(Beginning of DATA RECORDS)

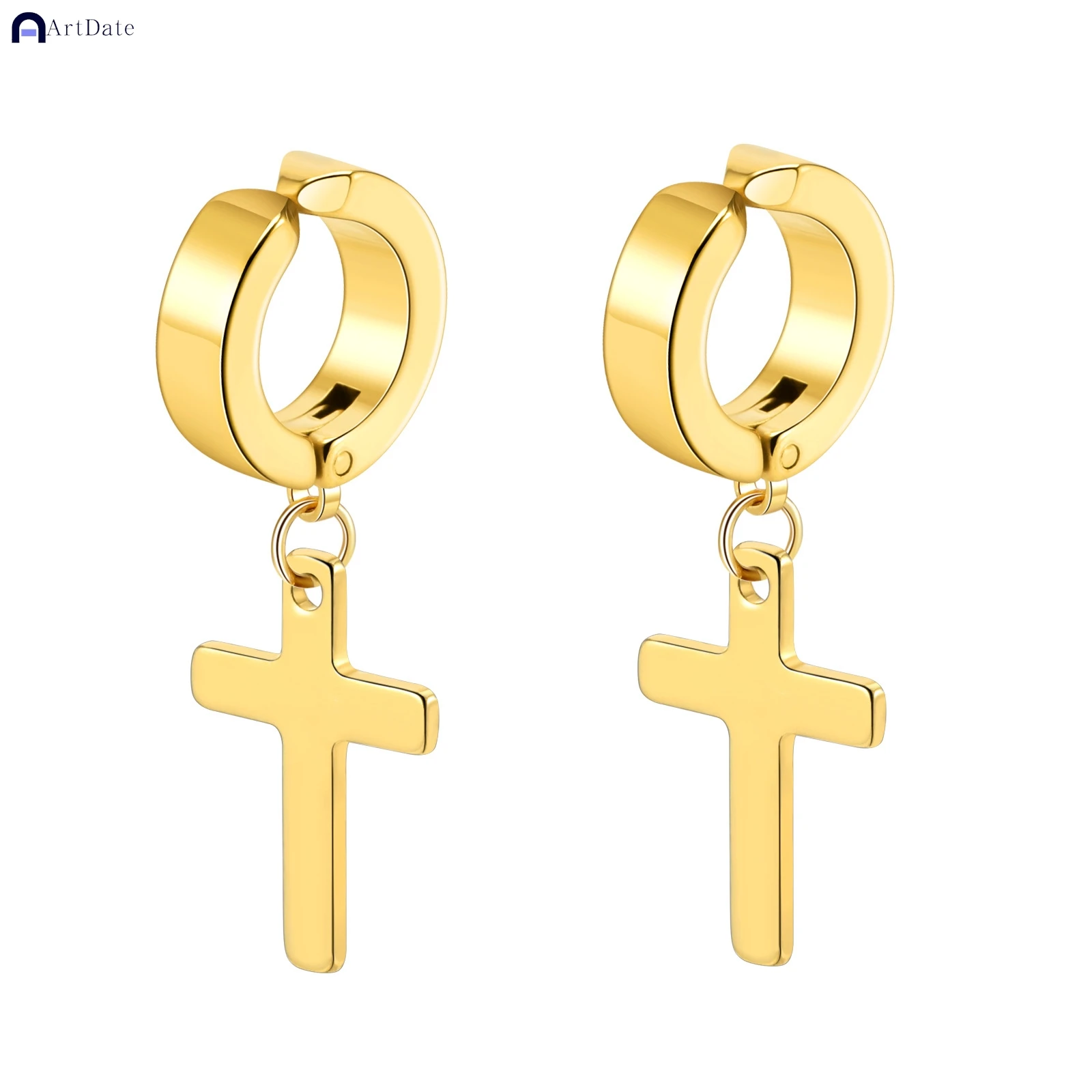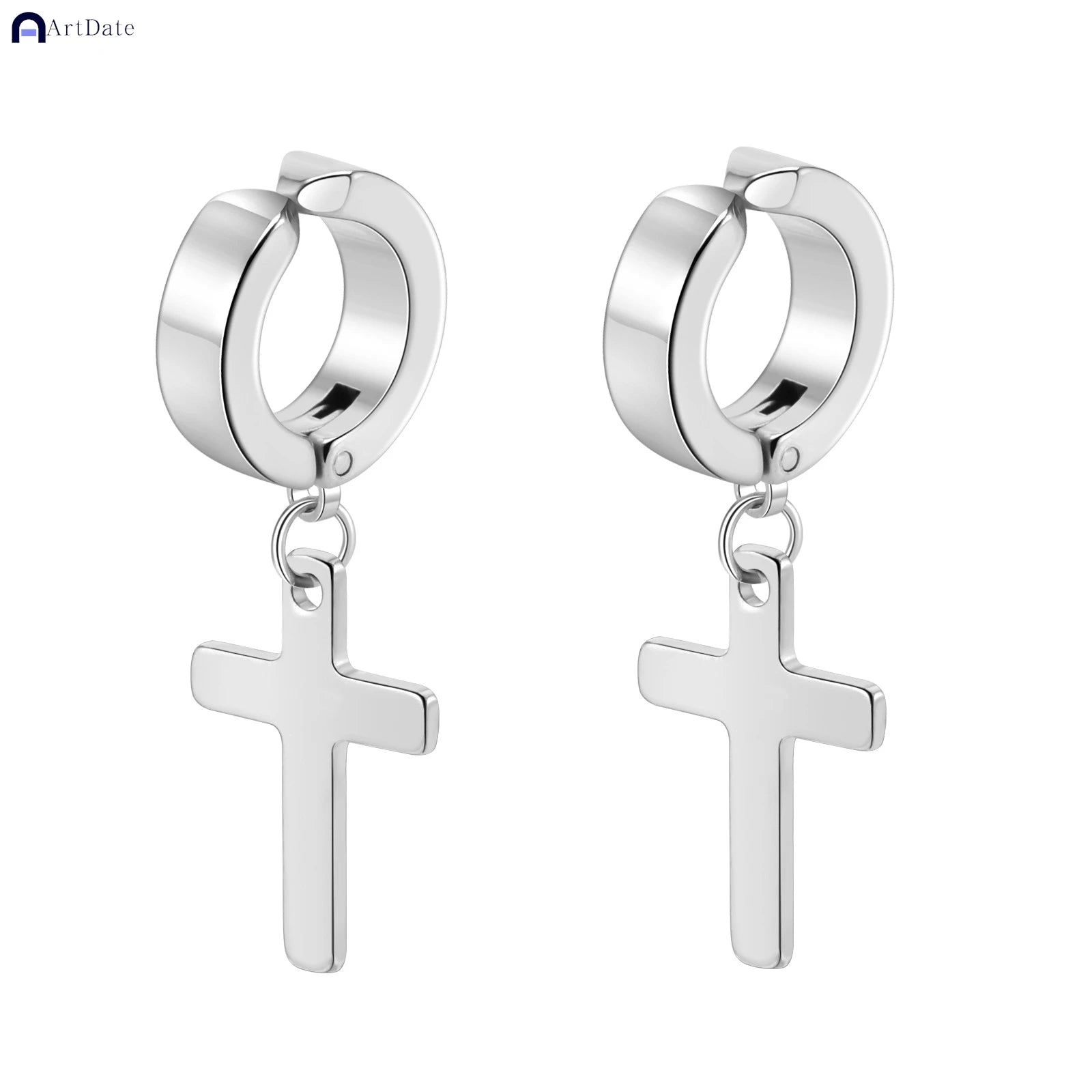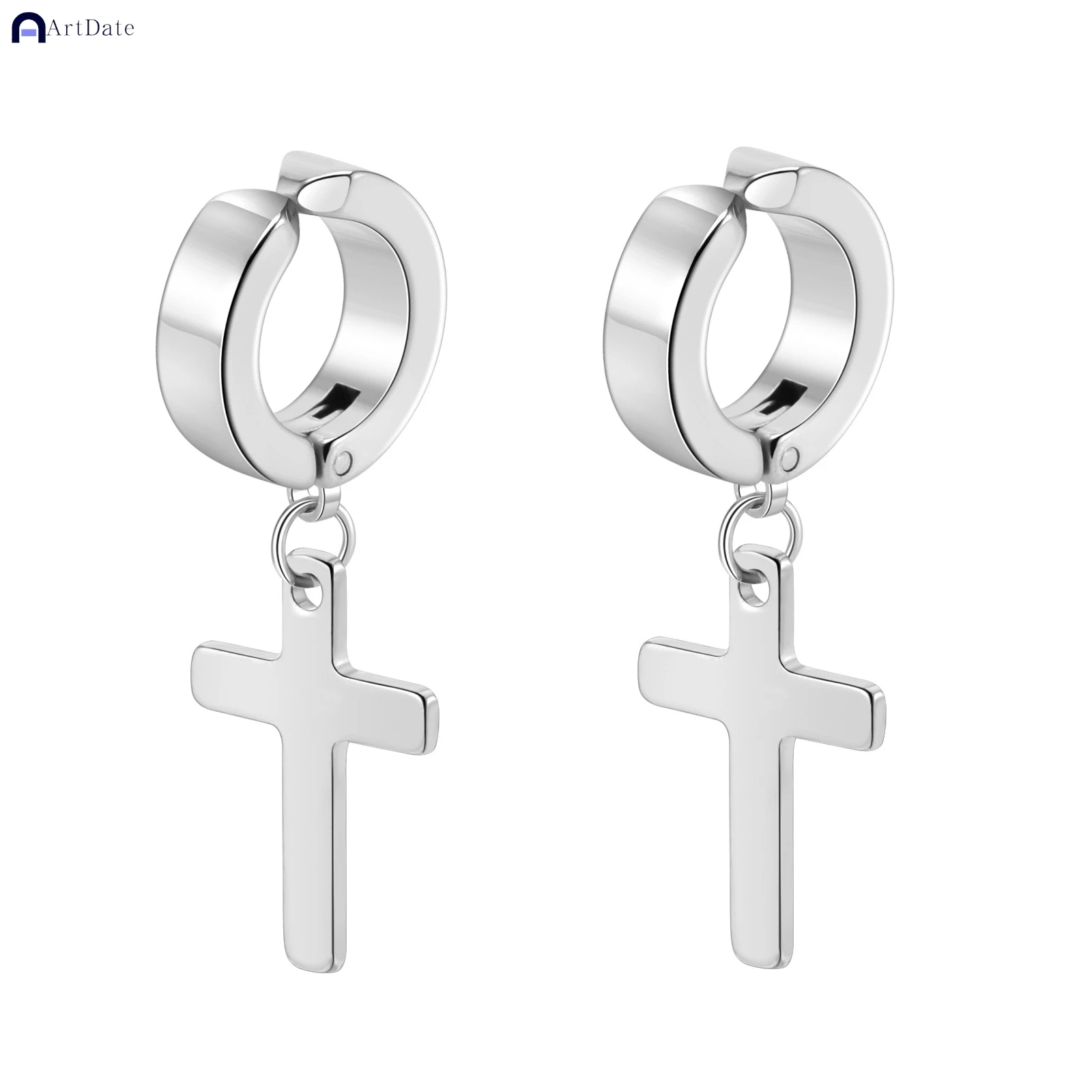 2個入り ステンレススチール メンズ クロス スター パンク ダングルイヤリング ゴシック レディース クロス イヤーフープイヤリング ハギーズ ペンダント ピアスジュエリー
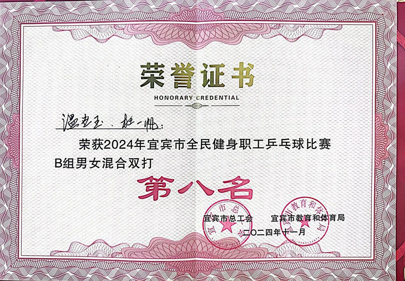 yl23411永利官网集团始终秉持“以人为本,周全生长”的企业理念,注重员工的身心康健和周全生长。在11月19日-11月21日举行的2024年宜宾市全民健身职工乒乓球角逐中,yl23411永利官网集团派出步队参赛。此次角逐在高县翰笙文体艺术中心举行,为期3天,吸引了全市工会系统内的18支步队,共计300余名乒乓球运发动同台竞技。
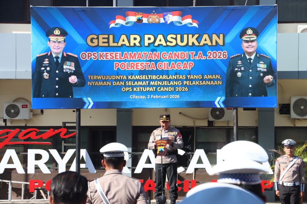 CILACAP,ikagawanews.id – Polresta Cilacap menggelar Apel Gelar Pasukan Operasi Keselamatan Candi Tahun 2026 sebagai tanda dimulainya operasi kepolisian terpusat dalam rangka menciptakan kondisi lalu lintas yang aman dan tertib menjelang Idul Fitri 1447 H.
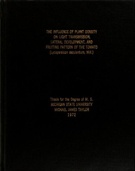 The influence of plant density on light transmission, lateral development, and fruiting pattern of the tomato (Lycopersicon esculentum, Mill.)
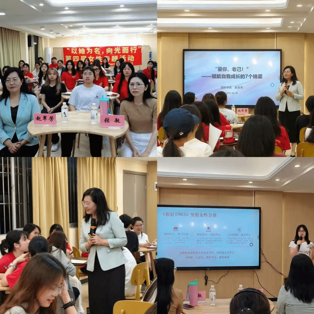 赵翠芳以网络热词“爱你,老己!”为引,通过趣味互动与个人经历分享开启成长话题。现场先后开展了词语接龙、“我的缺点,你的优点”等互动游戏,引导同学们直面自我、增强自信。她结合自身从自卑到自信的成长经历,讲述了学历提升、突破职场瓶颈的奋斗故事,送上自尊、自信、自强三大成长“锦囊”;同时提出自知、自愈、自燃的女性成长“三部曲”,为同学们指明认知自我、疗愈自我、点燃热爱的成长路径,鼓励大家接纳不完美,实现内心自洽与人生自由,成为独立而有力量的新时代女性。

(End of DATA RECORDS)

TASK REQUIREMENTS: Copy the lines starting at the line that contains "yl23411永利官网集团始" and running to the final line of the entries, inclusive; omit all pictures.

TASK RESULT:
 yl23411永利官网集团始终秉持“以人为本,周全生长”的企业理念,注重员工的身心康健和周全生长。在11月19日-11月21日举行的2024年宜宾市全民健身职工乒乓球角逐中,yl23411永利官网集团派出步队参赛。此次角逐在高县翰笙文体艺术中心举行,为期3天,吸引了全市工会系统内的18支步队,共计300余名乒乓球运发动同台竞技。
 CILACAP,ikagawanews.id – Polresta Cilacap menggelar Apel Gelar Pasukan Operasi Keselamatan Candi Tahun 2026 sebagai tanda dimulainya operasi kepolisian terpusat dalam rangka menciptakan kondisi lalu lintas yang aman dan tertib menjelang Idul Fitri 1447 H.
 The influence of plant density on light transmission, lateral development, and fruiting pattern of the tomato (Lycopersicon esculentum, Mill.)
 赵翠芳以网络热词“爱你,老己!”为引,通过趣味互动与个人经历分享开启成长话题。现场先后开展了词语接龙、“我的缺点,你的优点”等互动游戏,引导同学们直面自我、增强自信。她结合自身从自卑到自信的成长经历,讲述了学历提升、突破职场瓶颈的奋斗故事,送上自尊、自信、自强三大成长“锦囊”;同时提出自知、自愈、自燃的女性成长“三部曲”,为同学们指明认知自我、疗愈自我、点燃热爱的成长路径,鼓励大家接纳不完美,实现内心自洽与人生自由,成为独立而有力量的新时代女性。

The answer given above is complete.